Besides net games, Markov chains have also been utilized in team sports, though the application in this context is scarce as of today. This is arguably due to difficulties in the implementation of the model, for example with regard to different ball possession times of players or teams, as well as objections against the Markov property in this context (Lames, 2020). Liu and Hohmann (2013), who produced one of few applications in football, used a transition matrix based on a grid of field positions of different players. Further, Lames et al. (1997) demonstrated the possibility of differentiating the impact of individual players on success in volleyball.
Generally, applications of finite Markov chain analyses are scarce and in the case of tennis only rather outdated studies exist e.g. Lames (1991). It can be expected that game structure changed considerably since then, for instance due to developments in material (Miller, 2006). Furthermore, the previous design of states was in part unsatisfactory. Concerning returns, there was no differentiation between such following a first or second serve. This might be regarded as a violation of the Markov property as it is known that rates of successful returns after both differ substantially (Lames, 2020). Furthermore, the serve can arguably be deemed the most important aspect in modern Tennis and has considerable influence on the first strokes after serve and return (O’Donoghue & Brown, 2008), which was not contained in the previous model. Finally, expert opinion suggests that net attacks at present do not have the importance they used to have in the 90ies. Thus, the previous model with its intensive treatment of net game seems to be outdated in this respect as well.

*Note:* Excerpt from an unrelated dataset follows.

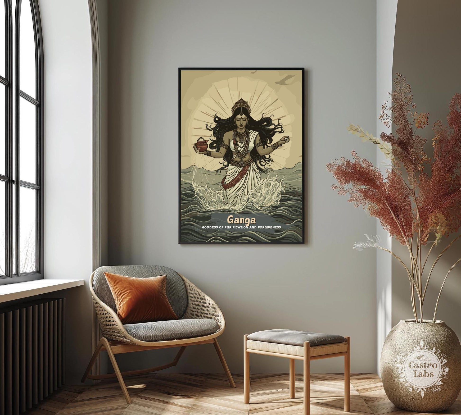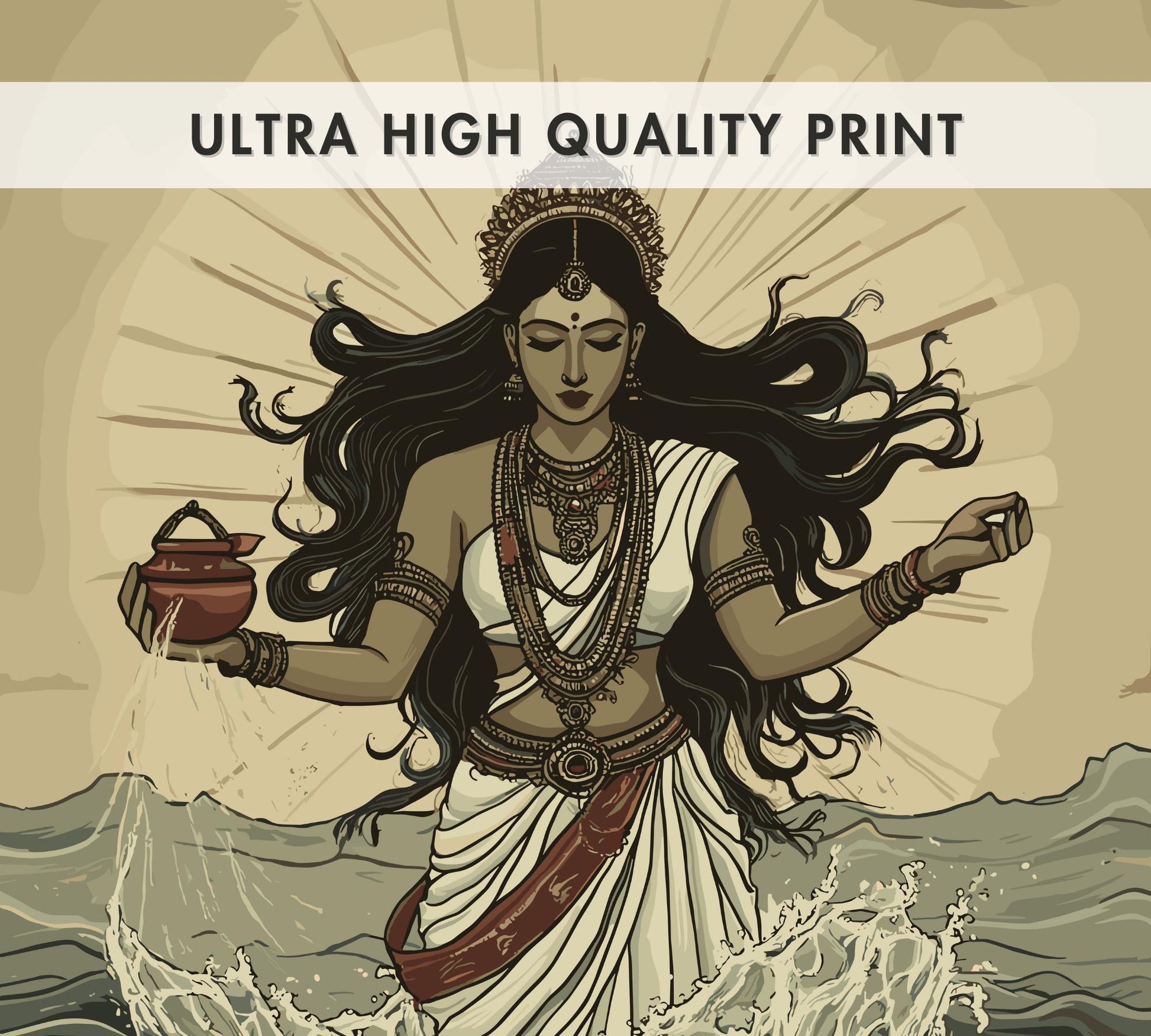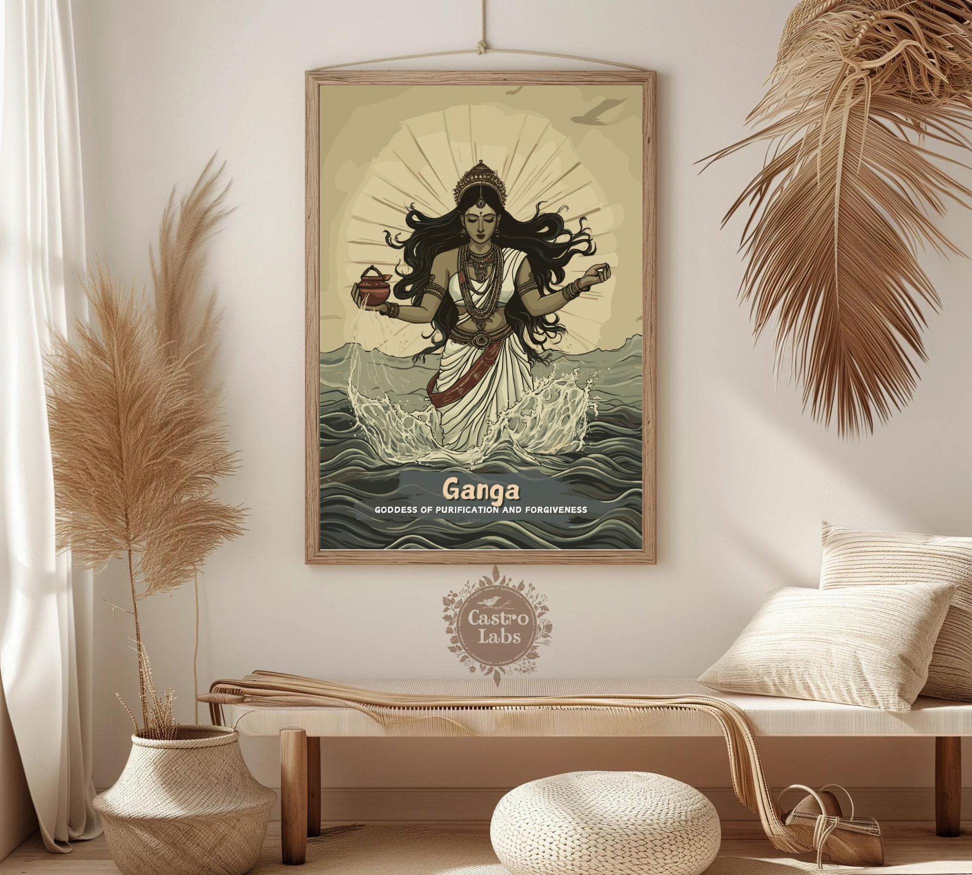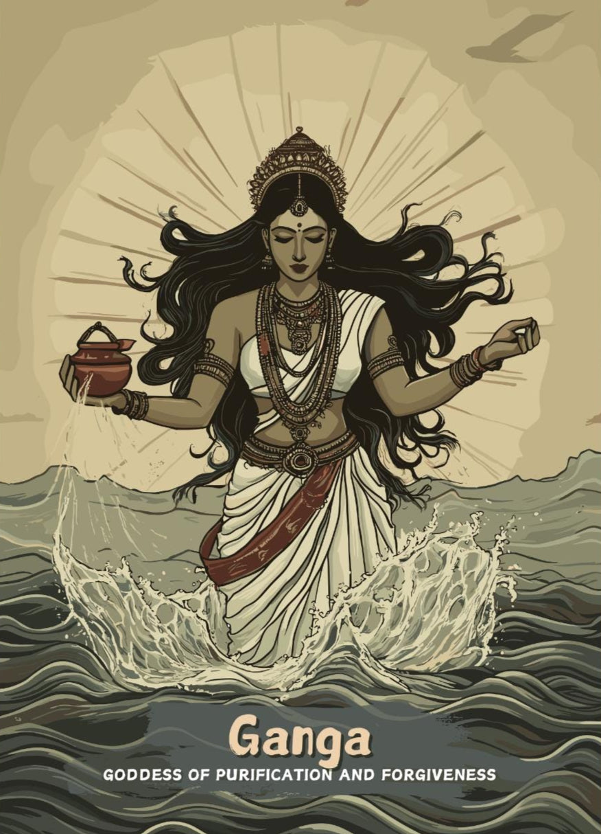 Notre affiche de la déesse hindoue Ganga – une œuvre d'art hindoue ancienne qui s'intègre parfaitement à votre intérieur grâce à son motif sacré. Parfaite pour les passionnés de mythologie et les amoureux du fleuve, elle représente Ganga, la déesse hindoue du Gange, jaillissant des cieux en vagues purificatrices. Que vous vénériez sa divinité ou que vous soyez amateur d'art intemporel, cette affiche hindoue Ganga apportera une touche de sérénité à votre décoration.

Taken together, the aim of the current study was to establish and validate a newly designed state transition model for tennis which represents the current game structure. The sufficiency of the resulting transition matrix regarding performance analyses was demonstrated with actual and recent match data from top-level tennis. Moreover, it utilized the transition matrix and finite Markov chain modelling to empirically assess state transitions and their tactical relevance with regard to the influencing factors playing surface and sex in modern tennis.